Answer:
a) 0.645%
b) 4.046%
c) Seawater is highly incompressible and the air is much more compressible
Step-by-step explanation:
a)
First we take a look at BULK MODULUS;
change in pressure is expressed as;
dp = -K(dV/V)
bulk modulus K = 2.28*10^9 N/m^2 for seawater
now one atm is given as;
1 atm = 101325 N/m^2
by conversion factor,
1 atm = 10.3m equivalent in height of water
now writing this pressure in terms of equivalent height of water at 1500m
we say;
dp = 1500/10.3 * 101325 N/m^2
now substituting into dp = -K(dV/V)
dV/V = - dp/K
= - ( 1500/10.3 * 101325 N/m^2 ) / (2.28*10^9 N/m^2)
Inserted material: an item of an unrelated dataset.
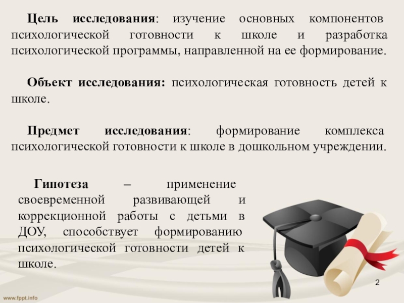 Гипотеза – применение своевременной развивающей и коррекционной работы с детьми в ДОУ, способствует формированию психологической готовности детей к школе.

= - (14756067.96 / 2.28*10^9)
= - (0.00647)
= - 0.645%
the fractional change in volume of fixed mass of seawater is 0.645%, the negative sign indicates the decrease in the change in volume.
b)
Lets look at the ideal gas equation
pV = mRT
P = pRT
now we know that T and T are constant
dP = RTdp
so
dP/P = dp/p
given that the equivalent change in the pressure is 4100 Pa;
dp/p = 4100 / 101325
= 0.04046
= 4.046%
the fractional change in density of a fixed mass of air is 4.046%
c)
Taking a close look of the fractional change in volume of seawater in partA and the fractional change in density of a fixed mass of air in partB, we can say that Seawater is highly incompressible and the air is much more compressible.